React mentions in their docs a plugin which simulates exactly that (forgot the name, something like react-dynamic-scroll).
Also, some frameworks use cells to render active elements basics, e.g. an input without a frame, or a check mark cell without a background. This helps to make controls editable without instatiating a real input/check/button element at the coordinates of a cell. This makes every button in a container a single button which signals clicks to its container, which based on x,y knows which item that is and signals rendering controller that item X was “clicked on the button B”.
Wow, I've been trying to come up with a way to do this on the web for a while now, but haven't cracked it yet. Had no idea it was a common thing in other UI technologies.
> Especially when even Apple is switching to SwiftUI, something that is the opposite of Cocoa and more similar to React.
Well, that's hardly a counter argument. The core argument should be whether "SwiftUI is better than Cocoa", and not whether a Big Tech company is switching to it unless we are in a popularity contest.
I’ve heard that the original React was built in SML, rewritten in OCaml, and later transcribed to JS (and now is developed in ReasonML)[1].

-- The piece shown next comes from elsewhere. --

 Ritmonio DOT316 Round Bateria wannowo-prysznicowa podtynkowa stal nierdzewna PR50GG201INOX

We shouldn’t downplay the unmitigated[2] disaster of language design that JavaScript (and more broadly, the engineering disaster that dynamic typing) is.
Just the fact that React was/is created by a person who is functional, static, strongly typed language aficionado is a testament that good things in the JS world comes simply because of its entrenched status due to being the only directly supported language in browsers — not because of anything inherently good about JS.

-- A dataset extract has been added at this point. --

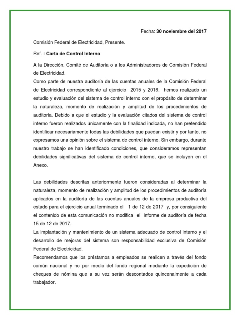 Modelos y formatos de carta de recomendación. Como parte de nuestra auditoría de la cuentas anuales de la sociedad xyz sa correspondiente al ejercicio 20xx hemos realizado estamos realizando un estudio y evaluación del sistema de control interno con el propósito de determinar la naturaleza momento de realización y amplitud de los. Un modelo carta recomendación es un formato eficaz utilizado principalmente en los tediosos procesos de selección de personal.
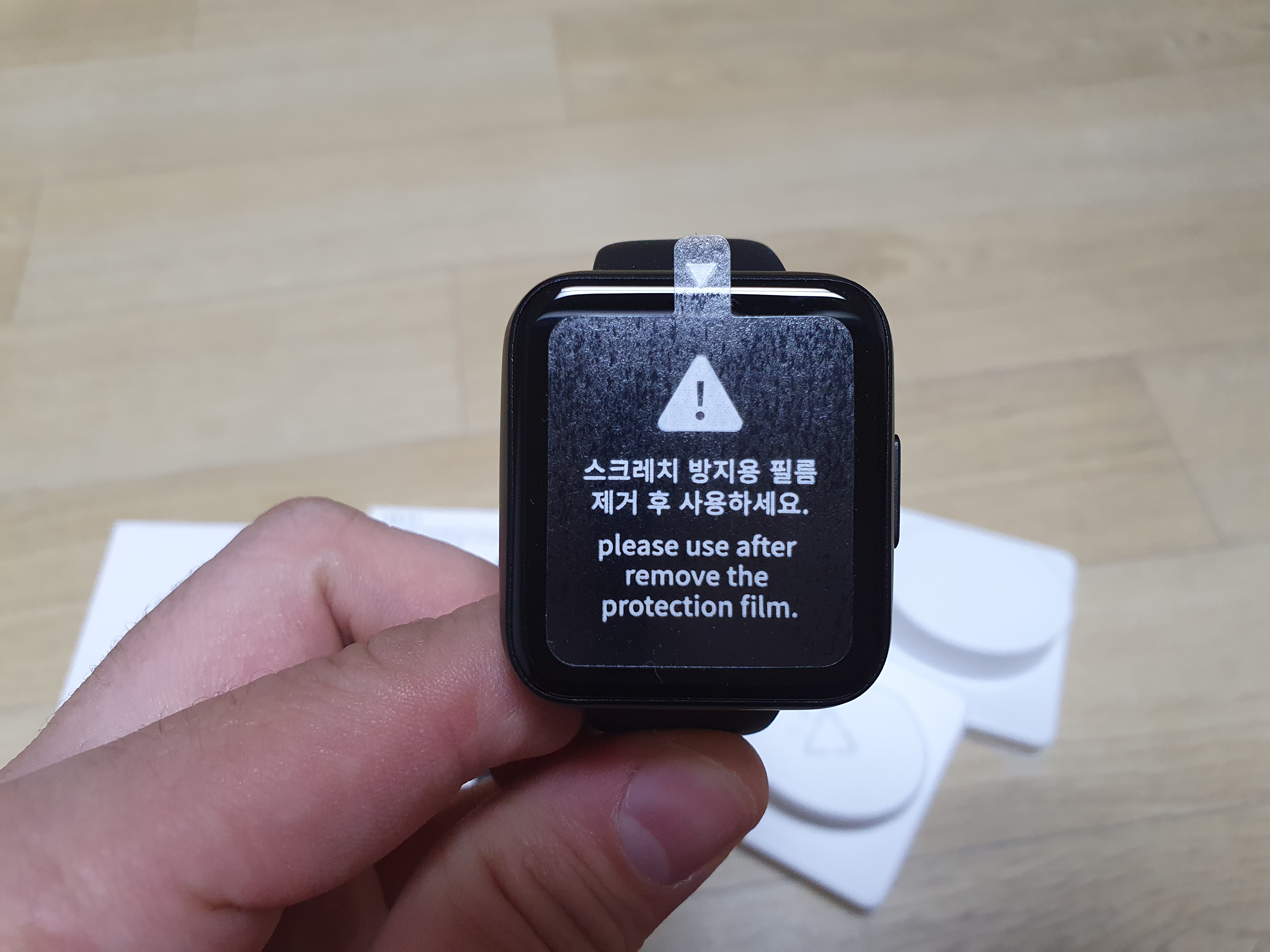 온서울건강온의 스마트 밴드 (스마트 워치)는 위에 사진과 같이 스크레치 방지용 필름이 붙어 있는 상태로 들어있었고, 스크레치 방지용 필름을 제거 후 사용하면 됩니다.

There were a lot of “MVC in JavaScript” frameworks before react. I don’t think that’s really a useful description of react or of the work or idea involved.
Backbone and Marionette were MVC for the web, and they have basically died out. React is a child of the Flux architecture philosophy, also developed by Facebook. [1]
MVC examples in this article do not represent MVC in Cocoa. E.g. last time I checked cocoa tables were bound to array controllers, which controlled filtering, available actions etc. Not to bare models. Older-style cocoa mvc rendering was also based on the view<->controller connection, which may act as a “store” or do something more sophisticated, depending on what you write in delegate methods. These comparison graphs always involve some “head & shoulders” vs “grey regular shampoo” style narrative.
And now four years later they accepted the web developers but now are having smug epithets about Web3 developers, those idiots who are too idealistic to accept the beauty of Web2’s centralized model
So smug that it's hard to take seriously.
Especially when even Apple is switching to SwiftUI, something that is the opposite of Cocoa and more similar to React.
Though I wonder how someone with both Cocoa and React experience looks at React and goes "Oh, it's the old-school Cocoa way of doing things!"
This blog post reminds me of HN four years ago when everyone had their little smug epithet about Javascript and web developers, those idiots who are too amateur to see the beauty of Cocoa and winforms or whatever most of us are happy to swap with something better.